In 2005, the Associated Press (AP), as well as many other mainstream media outlets, reported that President Bush's inauguration party, which cost $42.3 million as being excessive and in poor taste. To add further perspective, the Partying President, Bill Clinton, only spent $33 million in 1992.
Prior to the last inauguration in 2005, following the 2004 victory of G.W. Bush, the media was saying the money could be better spent on armoring Humvees in Iraq, helping victims of the tsunami, or paying down the deficit. Will Lester, the AP writer on the 2005 article asked, "The questions have come from Bush supporters and opponents: Do we need to spend this money on what seems so extravagant?"
Presently, unlike the other during two inaugural examples, we are fighting a war on terrorism in two countries, our financial system is on shaky ground, and the unemployment rate is increasing faster than you can say, "Big Government." The deficit is projected to be over $1 trillion (that's with a "T") and that is before PE Obama's massive "stimulus" plan.

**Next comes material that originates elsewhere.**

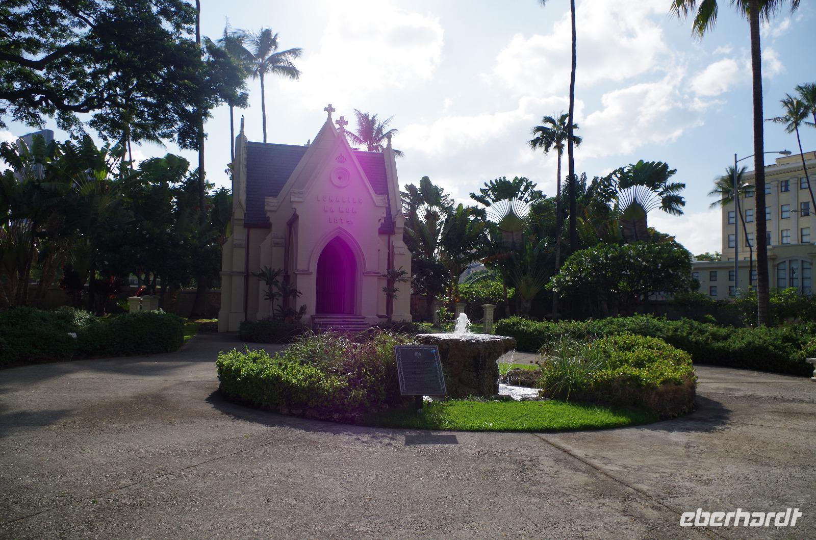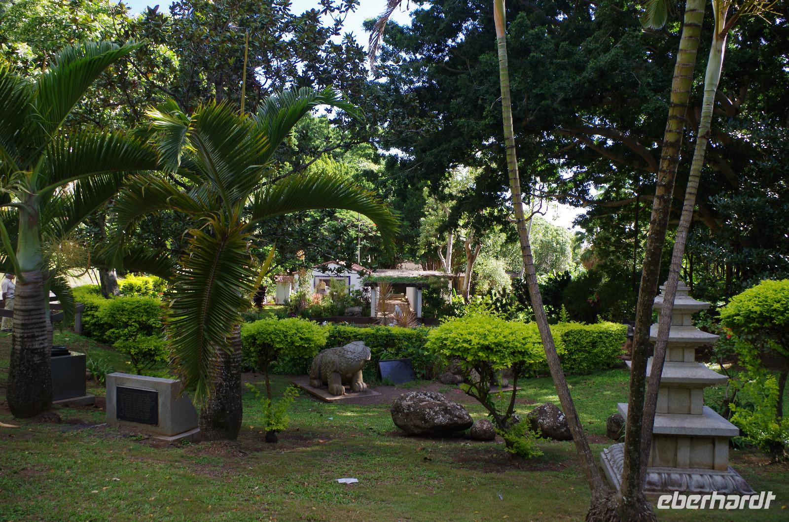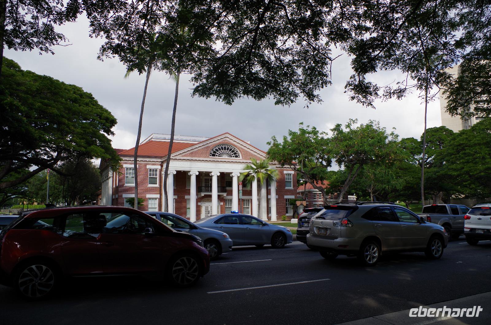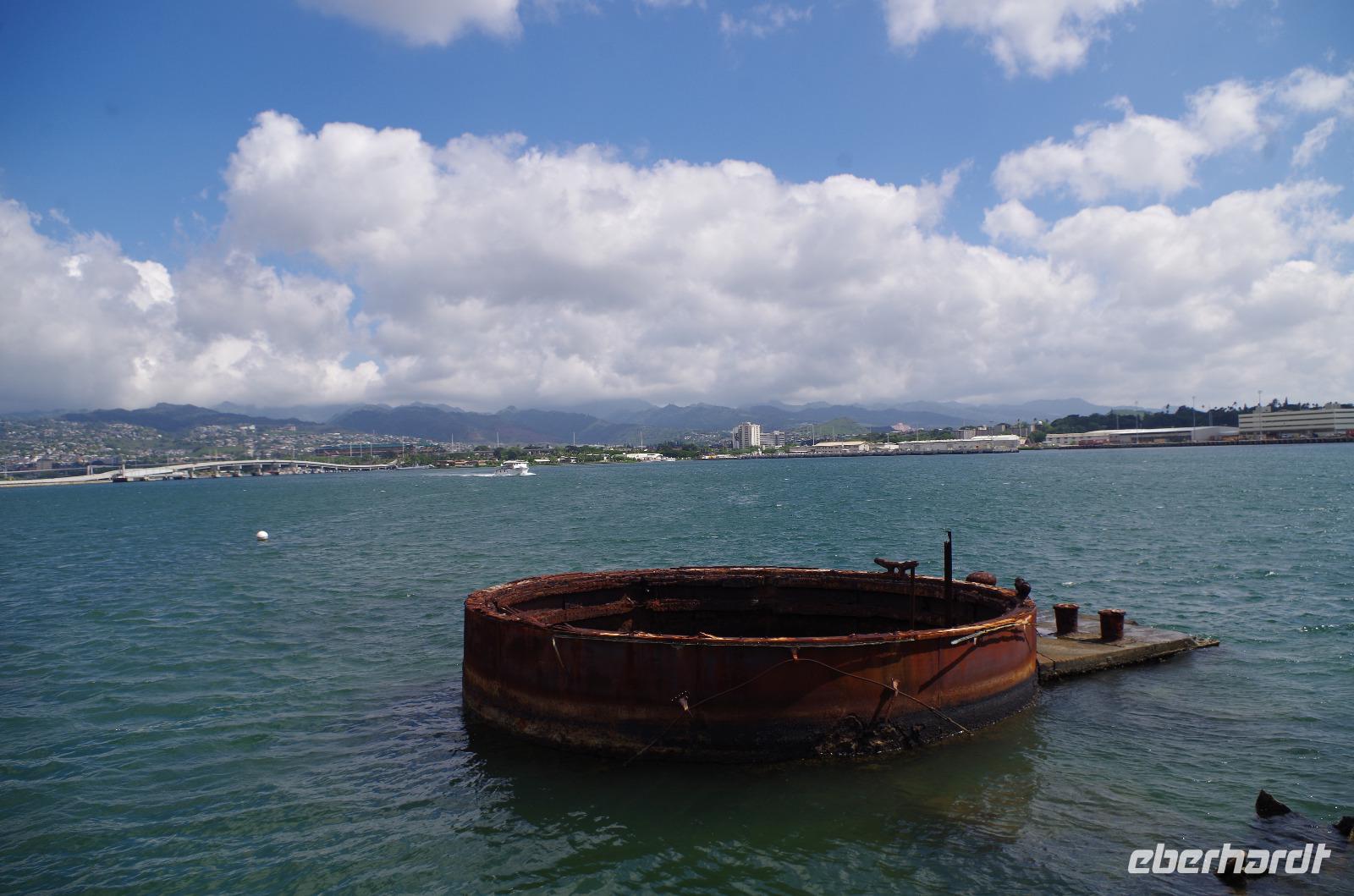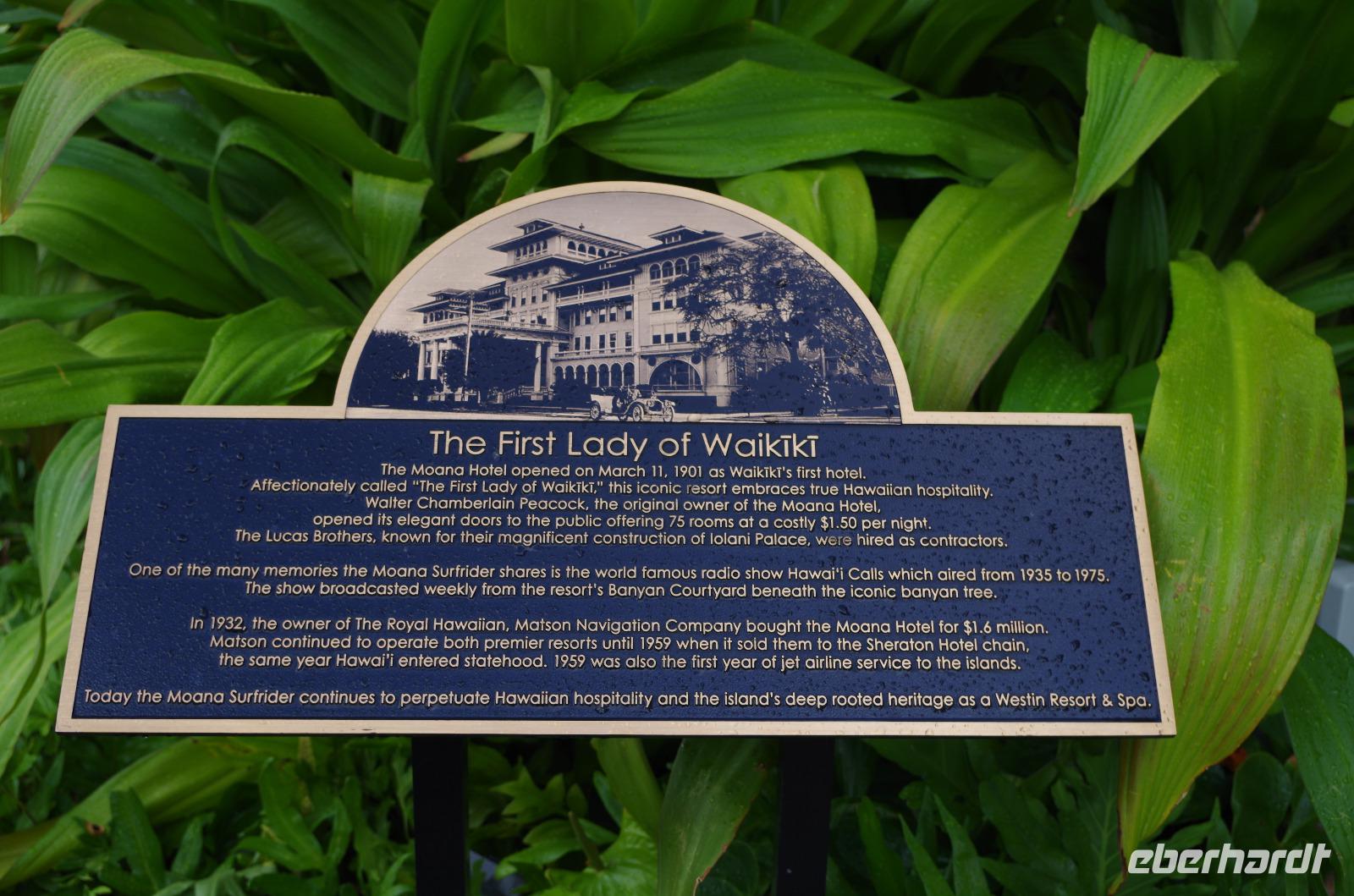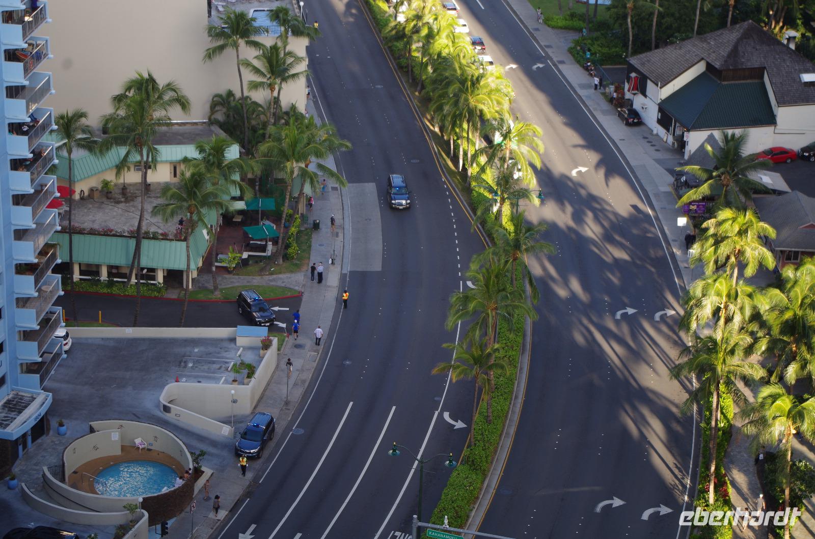 In unserer ersten Nacht auf O'ahu haben wir sehr gut geschlafen und eigentlich steht einem sonnigen und schönen Tag nichts im Weg. Dabei liegt aber die Betonung auf dem Wort 'eigentlich'. Unser Frühstück ist um 07.30 Uhr im Restaurant "Cinnamon's at the 'Ilikai" reserviert. Jedoch gibt es anfangs noch ein kleines Problem bei der Rechnung sowie bei der Essensauswahl. Das Restaurant befindet sich zwar im Hotelgebäudekomplex, es gehört aber nicht zum Hotel dazu. Die Unklarheit können wir aber schnell klären. Wir haben kein Buffet an diesem Morgen, sondern wir werden bedient. Wir können wählen zwischen Toast oder Pancakes, Rührei oder Spiegelei, gebratenem Schinken oder leckerer süßer Ananas. Es werden uns auch verschiedene Marmeladen, Honig und Butter sowie Kaffee oder Tee gereicht. Bei Bedarf können wir "Nachschub" ordern. Bevor wir uns um 08.30 Uhr zur Stadtrundfahrt in der Hotellobby treffen, befindet sich bei den Aufzügen ein wichtige Tagesinformation. Der Präsident der Vereinigten Staaten, Donald Trump, wird auf seiner Asien-Reise heute und morgen einen Zwischenstopp in Honolulu einlegen und Pearl Harbour besuchen. Für uns ist dieser Besuch eher ungünstig, da dadurch auch Straßensperrungen in Honolulu vorgesehen sind und wir uns vorsichtshalber eher als geplant nach Pearl Harbour begeben werden, unsere eigentliche Tour ist für 13.00 Uhr geplant. Dann schauen wir mal, ob wir Donald Trump auch persönlich sehen werden ;-) An diesem sonnigen Tag steht eine Stadtrundfahrt durch Honolulu und die Besichtigung von Pearl Harbour auf unserem Plan, beides 'eigentlich' mit deutschsprachiger Reiseleitung! Hier fällt also schon das erste 'eigentlich' an diesem Tag! Es wird leider auch nicht das letzte Mal sein, dass dieses Wort am heutigem Tag fällt :-( Statt eines deutschsprachigen Reiseleiters haben wir heute einen englischsprechenden "Driverguide", also einen Busfahrer, welcher auch als Guide tätig ist. Unser Busfahrer Ron ist wirklich super, auch wenn er nicht wirklich ein Reiseleiter ist. Dennoch versucht er auf unsere Wünsche einzugehen und auch die Stadtrundfahrt daran anzupassen. Die Fragen zu den verschiedensten Themen der Gäste werden durch die Reisebegleitung übersetzt, unser englischsprachiger Busfahrer versucht diese so gut es ihm möglich ist zu beantworten. Es ist natürlich sehr schade, dass unser heutiger Tag nicht wie geplant verläuft, aber Eberhardt und die Reisebegleitung versprechen, einen deutschsprachigen Reiseleiter für den Abreisetag zu organisieren, an welchem Tag wir wirklich lediglich einen englischsprachigen "Driverguide" gehabt hätten. Das Versprechen wird natürlich auch eingehalten ;o) Dank unseres netten örtlichen Reiseleiters am Abreisetag werden wir noch einen gelungenen Abschied von Honolulu haben, dazu aber später mehr! Um 09.00 Uhr beginnt unsere Stadtrundfahrt. Da die Insel O'ahu oftmals als Versammlungsort genutzt wird, besitzt sie den Beinnamen "The Gathering Place". Seit 1850 ist Honolulu die hawaiianische Hauptstadt. In Honolulu, was mit "Zuflucht oder geschützte Bucht" übersetzt werden kann, leben fast eine Million Menschen. Wir fahren zum Hawaii Capital Historic District und besichtigen Ali'iolani Hale und den Iolani Palace an der South King Street. Im Ali'iolani Hale befindet sich der Oberste Gerichtshof von Hawaii. Davor steht die wohl bekannteste Statue des Königs Kamehameha I., welcher 1810 die Inseln Hawaiis zu einem Königreich vereinigt hatte und als großer Führer, Krieger und Diplomat galt. Der sich direkt gegenüber befindende Iolani Palace ist die ehemalige königliche Residenz. Seit 1978 ist der Iolani Palace ein historisches Museum und für die Öffentlichkeit zugänglich. Im Jahre 1966 wurde die Organisation "The Friends of Iolani Palace" von Lili'uokalani Kawananakoa Morris, eine Großnichte der Königin Kapiolani, ins Leben gerufen. Diese Organisation kümmert sich um den Erhalt, die Restaurierung und die Bekanntgabe der Geschichte des Palastes sowie übernimmt sie die Verwaltung des Gebäudes und auch die Veranstaltung abwechslungsreicher Aktivitäten im und um den Palast herum. Es werden zudem eine Audiotour oder geführte Besichtigungstouren im Palast von Dienstag bis Samstag angeboten. Anschließend fahren wir am berühmten Strand "Waikiki Beach" entlang. Waikiki besteht aus zwei Hauptstraßen. Einerseits ist dies die Kalakaua Avenue mit den luxuriösen Designer-Geschäften und andererseits die Kuhio Avenue mit vielen Cafés, Restaurants und Nachtclubs. Nächster Programmpunkt ist der Punchbowl Crater, wo wir allerdings nur aus dem Bus heraus fotografieren dürfen. Es ist nicht erlaubt, an diesem historischen Denkmal anzuhalten oder auszusteigen. Also fährt uns Ron so langsam wie möglich an der mit fast sieben Millionen Besuchern im Jahr meistbesuchten Touristenattraktion auf O'ahu vorbei. Der Krater ist ein erloschener Vulkan mit hawaiianischen Namen Puowaina, was in Bezug auf die Menschenopfer mit "Hügel des Ablegens" übersetzt werden kann. Der größte hawaiianische Soldatenfriedhof mit fast 37.000 beerdigten amerikanischen Soldaten, das National Memorial of the Pacific, befindet sich inmitten des erloschenen Kraters. Danach fahren wir weiter Richtung Pearl Harbour. An dieser Stelle sei zu erwähnen, dass wir uns in Pearl Harbour auf einem Marinestützpunkt bewegen und es daher strenge Sicherheitsvorschriften gibt. Wir dürfen keine Taschen und Rucksäcke mitnehmen sowie keine Fototasche oder auch größere Gürteltasche. Bestenfalls werden nur die Geldbörse, das Mobilfunkgerät und die Kamera mitgenommen. Die anderen Sachen können wir im Bus liegenlassen, unser Busfahrer bleibt die komplette Zeit unseres Besuches im Bus. Es gibt aber auch die Möglichkeit, die Sachen für 4 USD je Tasche oder Rucksack beim Sicherheitspersonal abzugeben. Schließfächer gibt es keine. Wie bereits erwähnt sollte unsere Tour erst 13.00 Uhr starten, was aber erst in eineinhalb Stunden wäre. Aber dank unseres t

One would think that it would be considered inappropriate to hold such a extravagant, over-the-top event when so many people are in distress. After all, what kind of message is this sending to the non-attending citizens who can't afford the reported $10,000 tickets?
Well, apparently, $42 million for George W. Bush was excessive for the AP, but $150 million for Barack Obama is applauded. On Tuesday, January 13th, they ran an article entitled, "For Inaugural Balls, Go For Glitz, Forget Economy," which actually attempted to make a case for the largest amount ever spent on a inaugural party--by far! I'm no bean-counter, but I'd have to think that $150 million would even pay down more national debt than $42 million would, and probably buy more Humvees.
A spokeswoman for the joint congressional committee on inaugural ceremonies, Carole Florman, said: "We are always very budget conscious. But we are sending a message to the entire world about our peaceful transition of power, and you do not want it to look like a schlock affair. It needs to be appropriate to the magnitude of events that it is."
They should be able to pull that off for $150 million. That is, if they're "budget conscious." I don't happen to know (or really care all that much) what is considered excessive for an inauguration for the President. What bothers me is another example of the two-face, double-standards, and lack of objectivity of the mainstream media that seems to have one set of rules for conservative politicians and another one for liberal ones.